Abstract:Meta-learning has been extensively applied in the domains of few-shot learning and fast adaptation, achieving remarkable performance. While Meta-learning methods like Model-Agnostic Meta-Learning (MAML) and its variants provide a good set of initial parameters for the model, the model still tends to learn shortcut features, which leads to poor generalization. In this paper, we propose the formal conception of "learn to learn more precisely", which aims to make the model learn precise target knowledge from data and reduce the effect of noisy knowledge, such as background and noise. To achieve this target, we proposed a simple and effective meta-learning framework named Meta Self-Distillation(MSD) to maximize the consistency of learned knowledge, enhancing the models' ability to learn precise target knowledge.
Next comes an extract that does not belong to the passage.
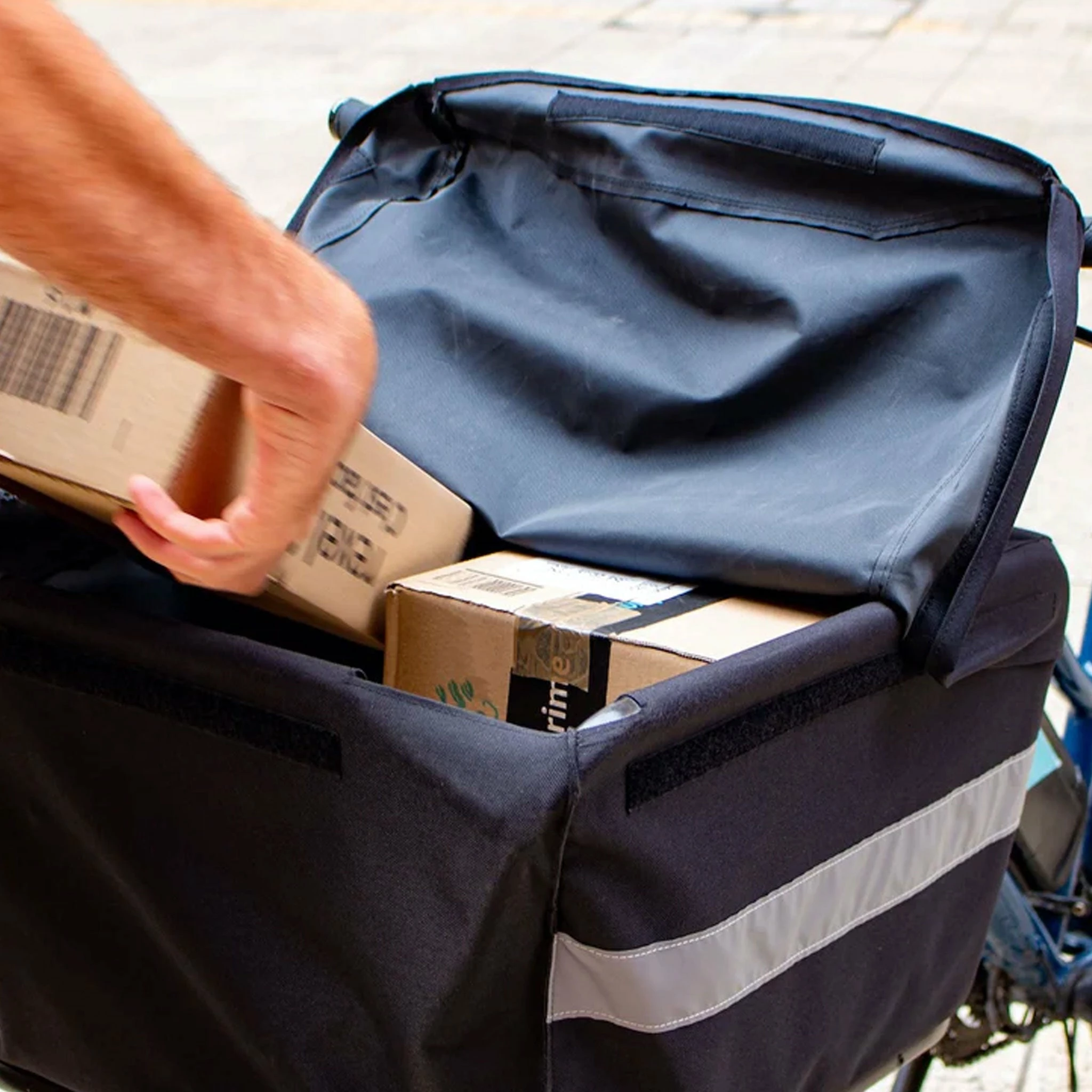 Le grand sac souple Soft Bag s’installe directement sur la fourche cargo JokerBike, offrant un espace de rangement étanche et efficace pour vos trajets à vélo. Le Soft Bag peut, en effet, servir à la livraison en cargo, au vélotaf, au transport de lourdes charges ou encore à transporter votre chien partout avec vous. Les larges bandes réfléchissantes sur les côtés apportent de la visibilité par faible luminosité.

In the inner loop, MSD uses different augmented views of the same support data to update the model respectively. Then in the outer loop, MSD utilizes the same query data to optimize the consistency of learned knowledge, enhancing the model's ability to learn more precisely. Our experiment demonstrates that MSD exhibits remarkable performance in few-shot classification tasks in both standard and augmented scenarios, effectively boosting the accuracy and consistency of knowledge learned by the model.